Not much AI blogging this week because I have been buried in adulting all week, which hasn’t left much time for machine learning. Sadface.
However, I’m in the last week of the last deeplearning.ai course! (Well. Of the deeplearning.ai sequence that existed when I started, anyway. They’ve since added an NLP course and a GANs course, so I’ll have to think about whether I want to take those too, but at the moment I’m leaning toward a break from the formal structure in order to give myself more time for project-based learning.) This one is on sequence models (i.e. “the data comes in as a stream, like music or language”) and machine translation (“what if we also want our output to be a stream, because we are going from a sentence to a sentence, and not from a sentence to a single output as in, say, sentiment analysis”).
And I have to say, as a former language teacher, I’m slightly irked.

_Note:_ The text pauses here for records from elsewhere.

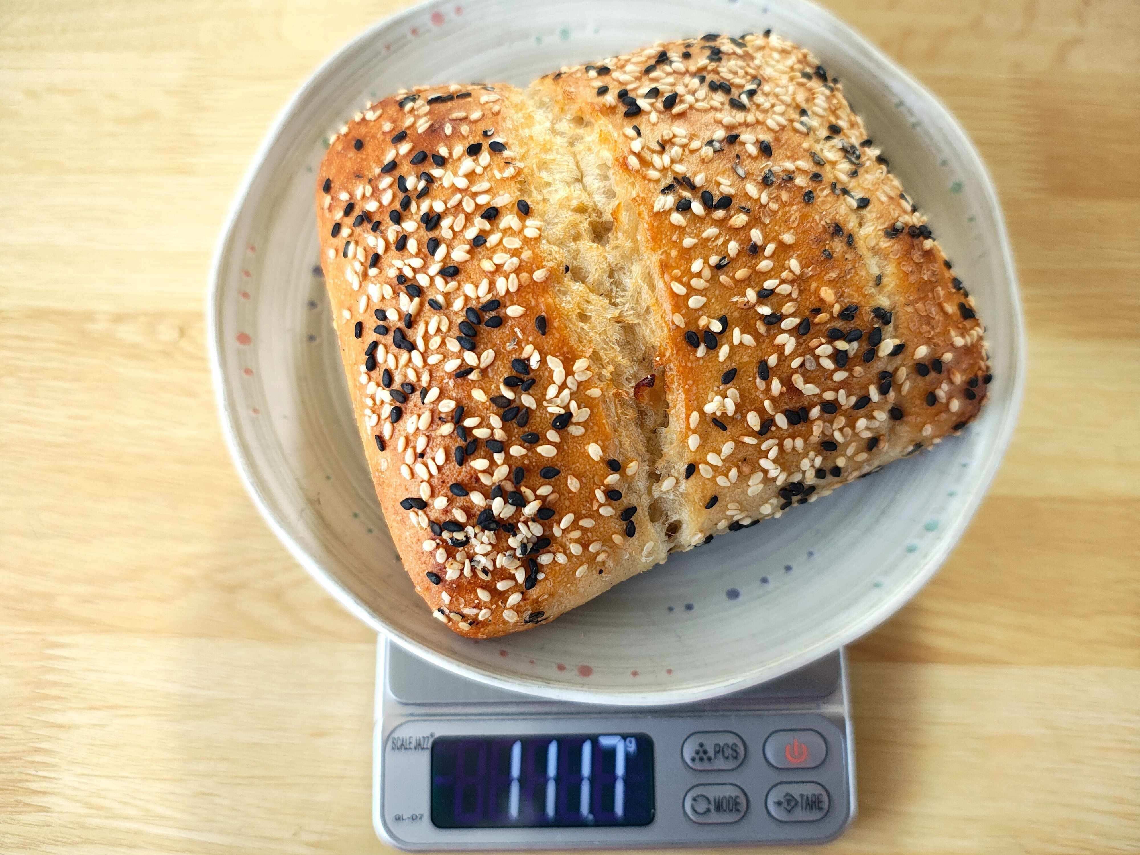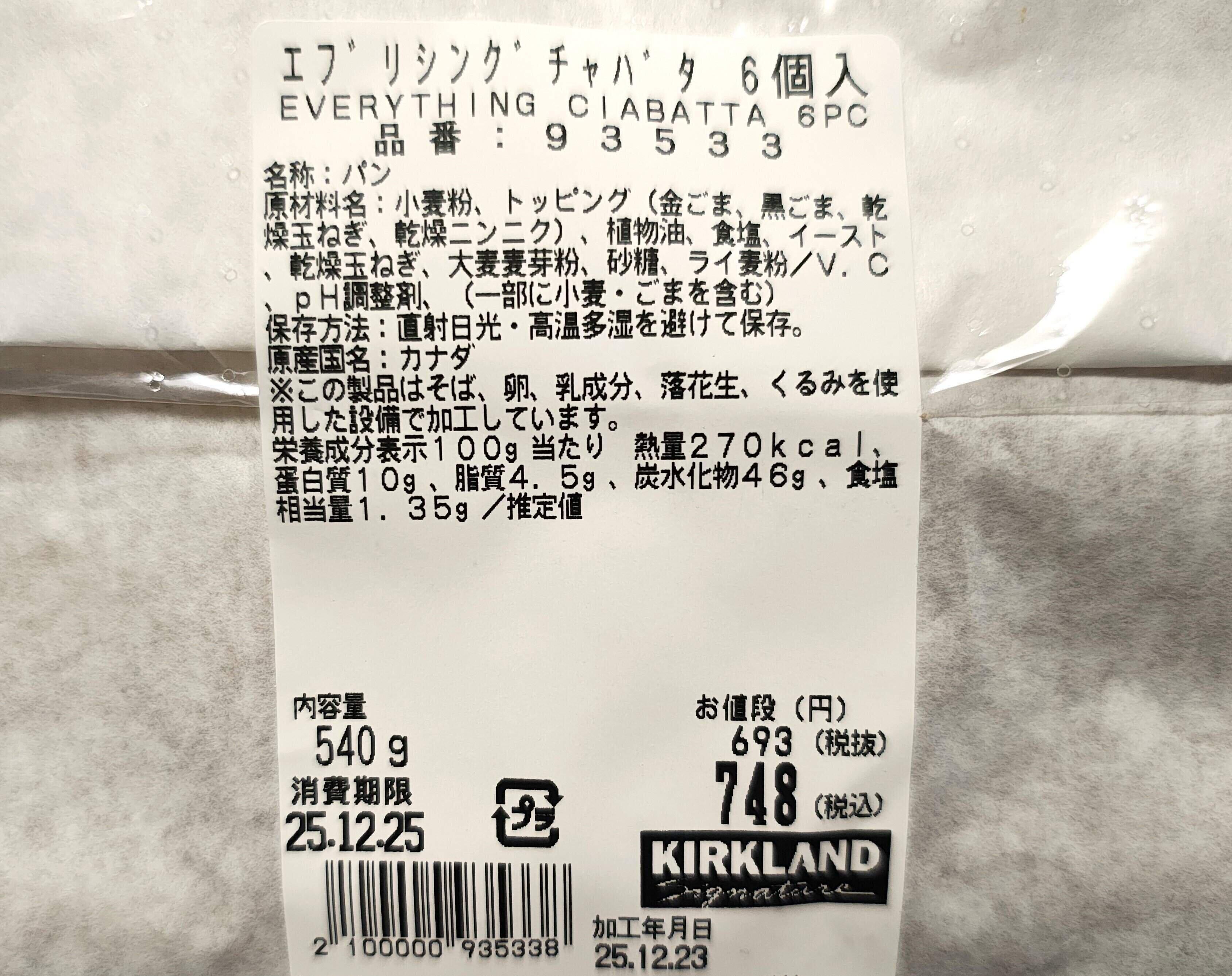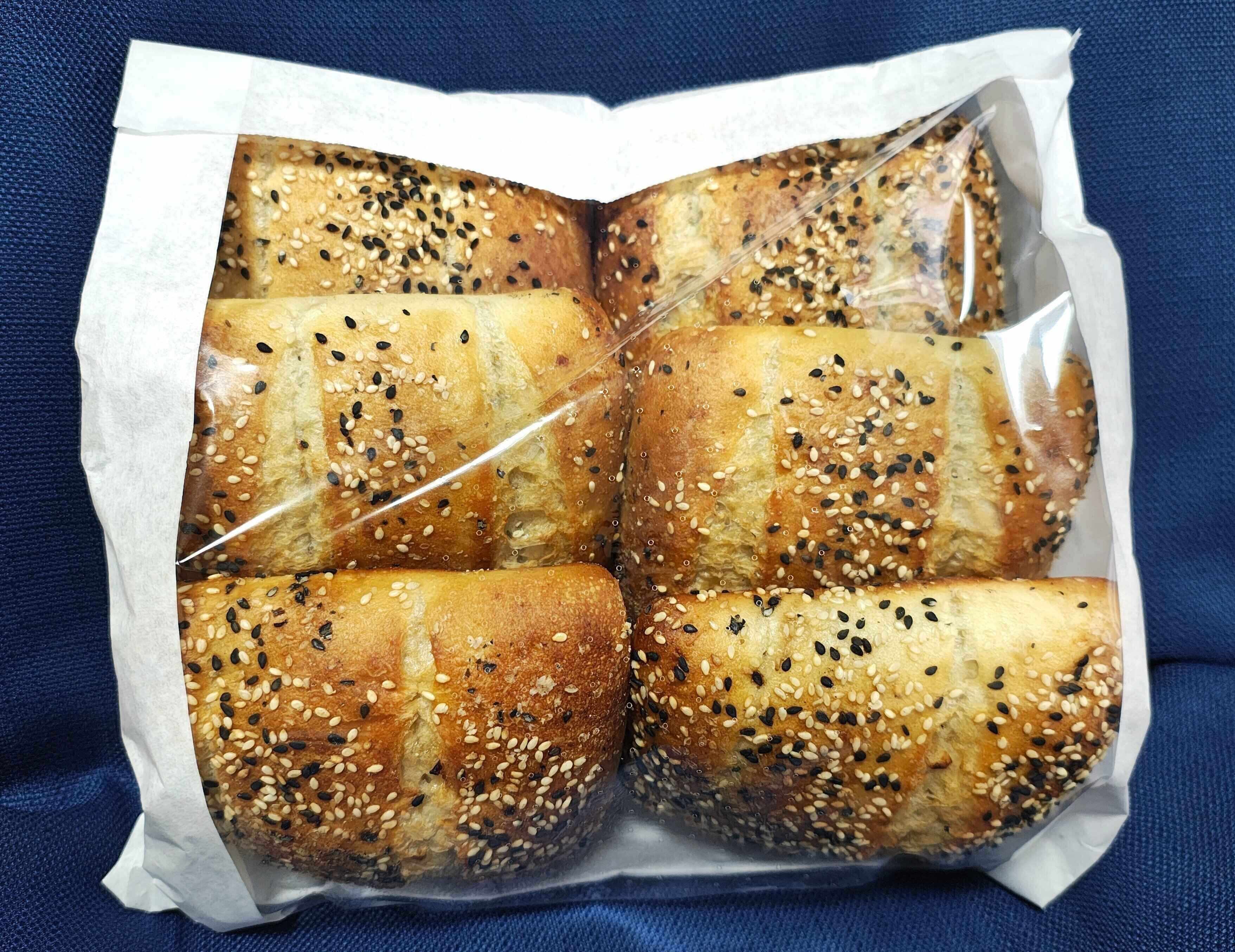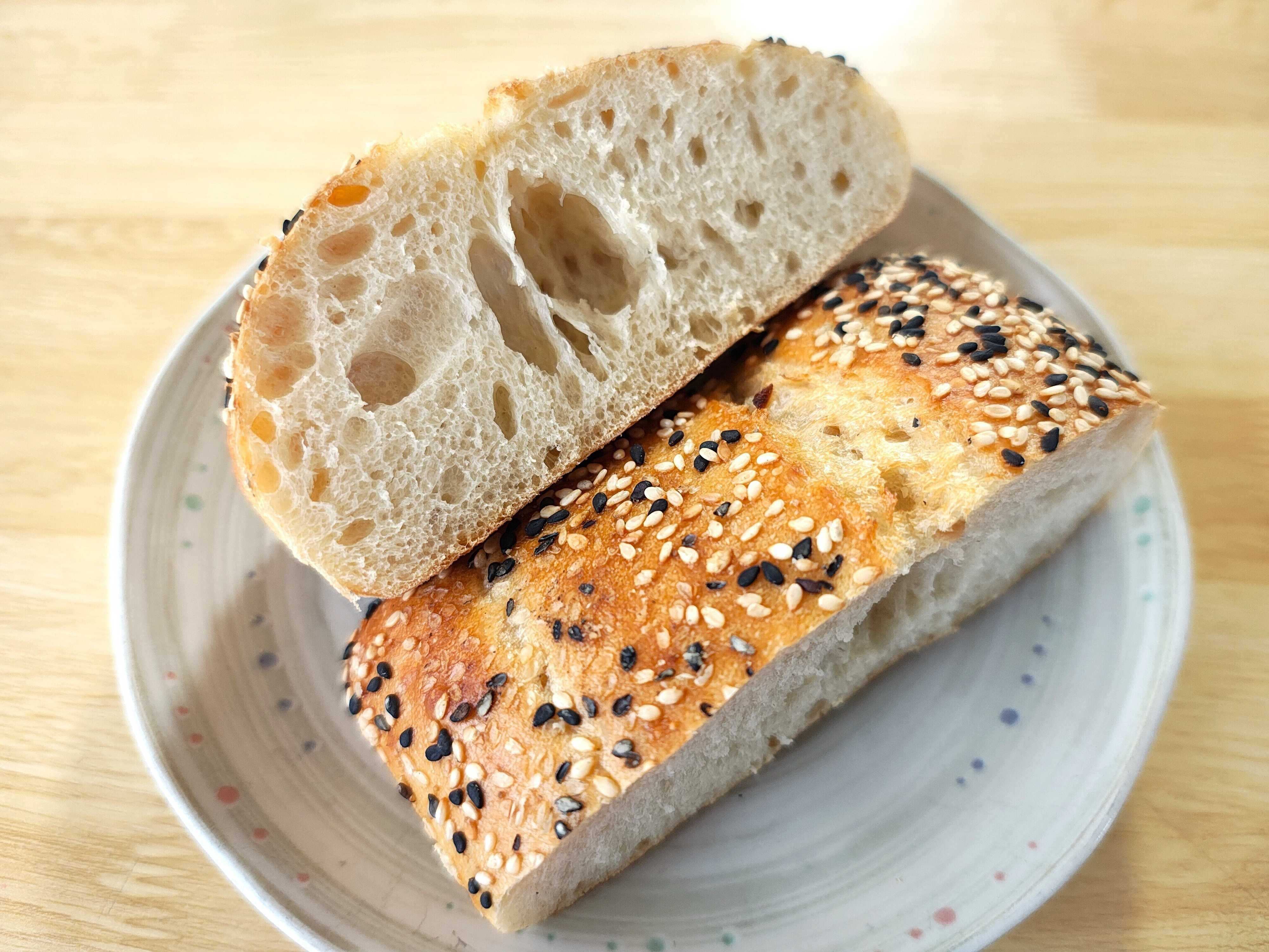 コストコの「エブリシングチャバタ」は、そのシンプルな生地に白ごまと黒ごまが隙間なくトッピングされています。
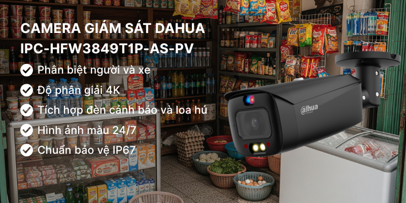 • Dahua IPC-HFW3849T1P-AS-PV (Full-color Active Deterrence): Camera Bullet 8MP (4K), hình ảnh màu 24/7, tích hợp đèn cảnh báo và loa hú (chủ động xua đuổi), rất hiệu quả cho cửa ra vào.
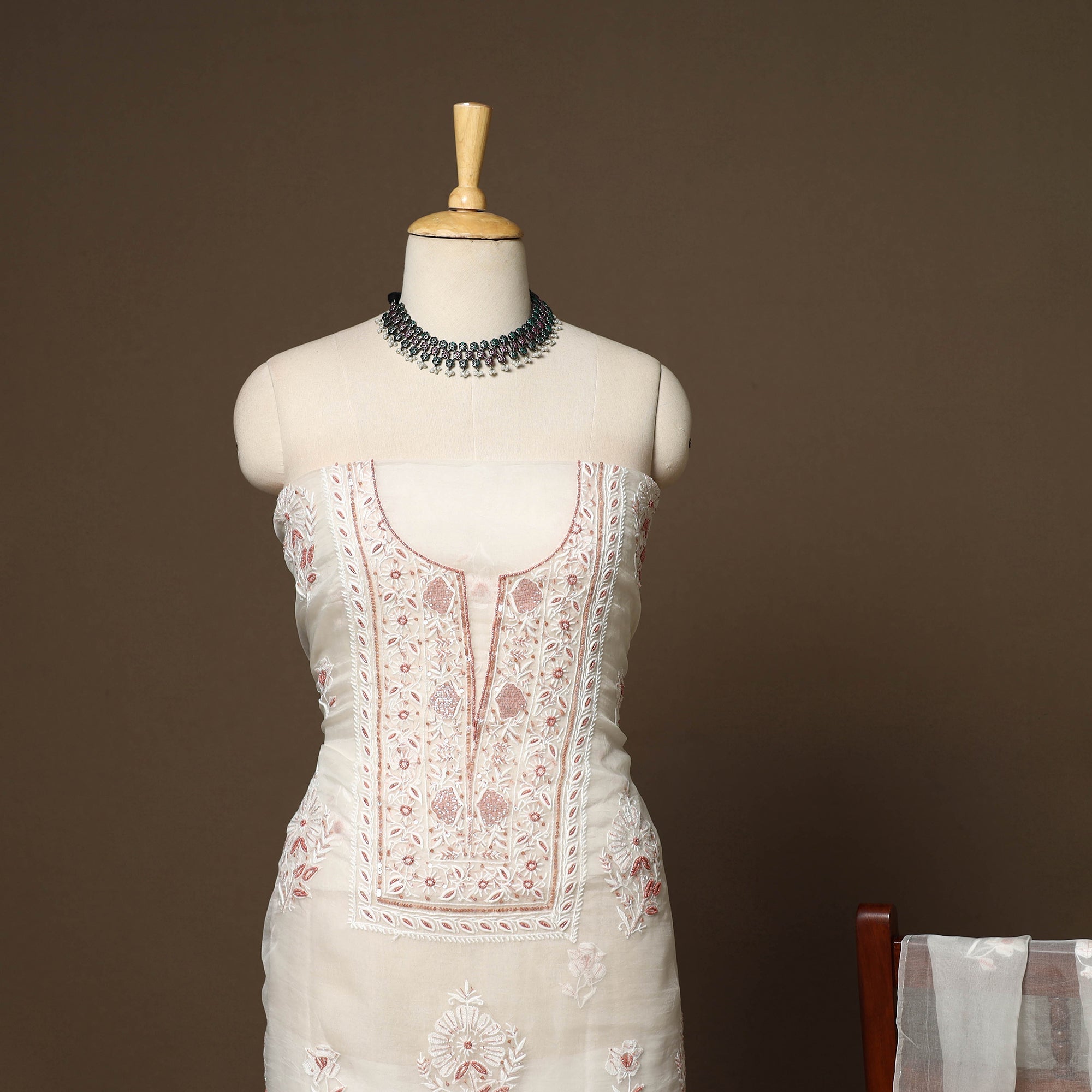 Intricately and artfully crafted, this white heavy chikankari handloom organza silk unstitched 2pc dress material celebrates the heritage handwork of Lucknow, Uttar Pradesh. Known for its delicate thread motifs and subtle elegance, Chikankari features meticulously hand-embroidered designs made with soft pastel threads that form graceful floral and paisley patterns. The set includes fabric for kurta and dupatta, The bead and sequins detailing adds a refined touch, making it perfect for weddings, festive celebrations, cultural gatherings, and elegant evening occasions.
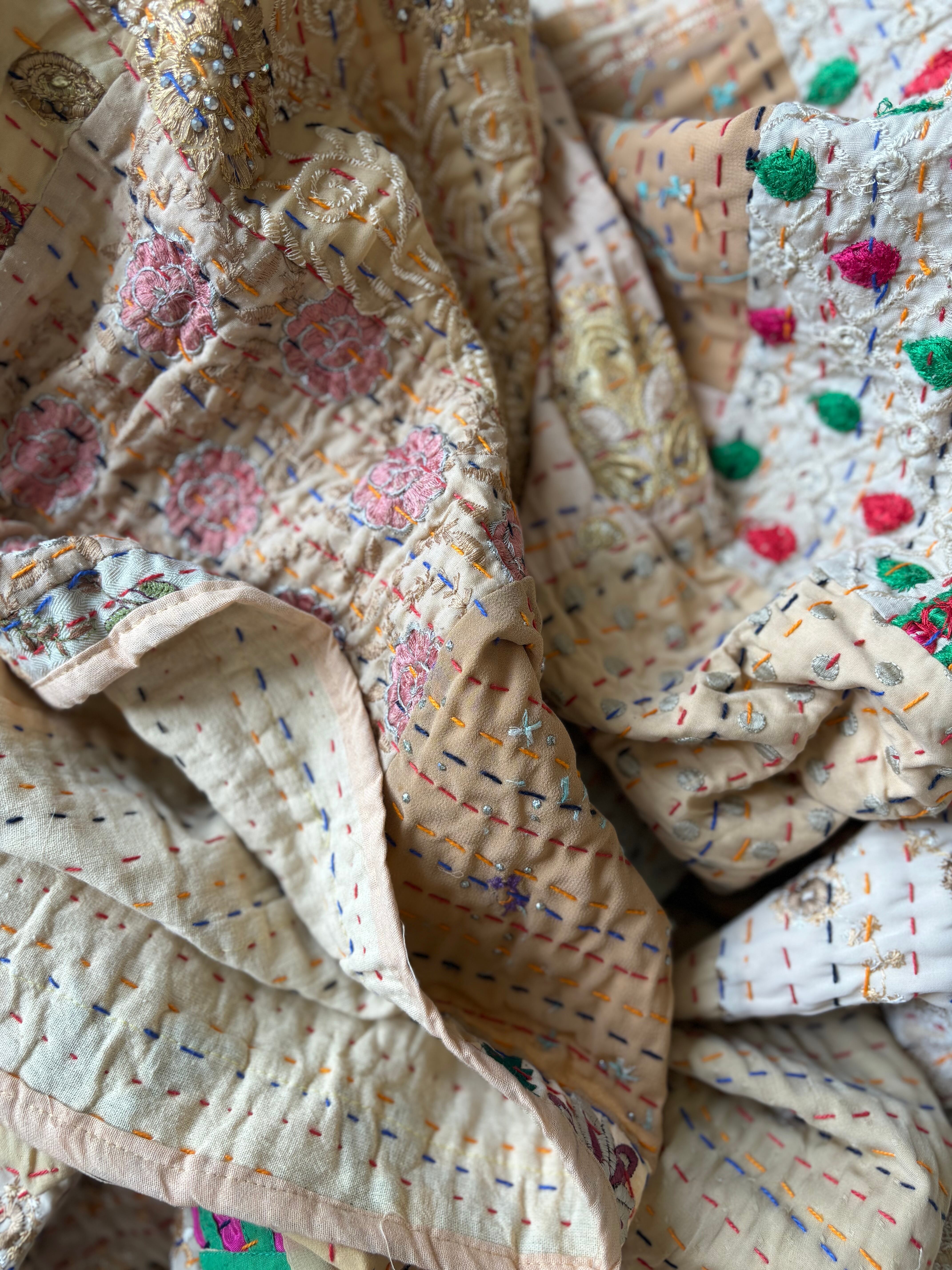 ※本品は、一部にビーズ、スパンコール、ミラーなど装飾を施したインドの古布を使用しており、多少のほつれ、ビーズ取れ、問題ない程度のシミ等が生じる場合がございます。 検品時に確認し、なるべく見落とさずに写真でお伝えできるよう努力しております。

Because the way the models work is — OK, consume your input sentence one token at a time, with some sort of memory that allows you to keep track of prior tokens in processing current ones (so far, so okay). And then for your output — spit out a few most-likely candidate tokens for the first output term, and then consider your options for the second term and pick your most-likely two-token pairs, and then consider all the ways your third term could combine with those pairs and pick your most likely three-token sequences, et cetera, continue until done.
And that is…not how language works?
Look at Cicero, presuming upon your patience as he cascades through clause after clause which hang together in parallel but are not resolved until finally, at the end, a verb. The sentence’s full range of meanings doesn’t collapse until that verb at the end, which means you cannot be certain if you move one token at a time; you need to reconsider the end in light of the beginning. But, at the same time, that ending token is not equally presaged by all former tokens. It is a verb, it has a subject, and when we reached that subject, likely near the beginning of the sentence, helpfully (in Latin) identified by the nominative case, we already knew something about the verb — a fact we retained all the way until the end. And on our way there, perhaps we tied off clause after clause, chunking them into neat little packages, but none of them nearly so relevant to the verb — perhaps in fact none of them really tied to the verb at all, because they’re illuminating some noun we met along the way. Pronouns, pointing at nouns. Adjectives, pointing at nouns. Nouns, suspended with verbs like a mobile, hanging above and below, subject and object. Adverbs, keeping company only with verbs and each other.
There’s so much data in the sentence about which word informs which that the beam model casually discards. Wasteful. And forcing the model to reinvent all these things we already knew — to allocate some of its neural space to re-engineering things we could have told it from the beginning.
Clearly I need to get my hands on more modern language models (a bizarre sentence since this class is all of 3 years old, but the field moves that fast).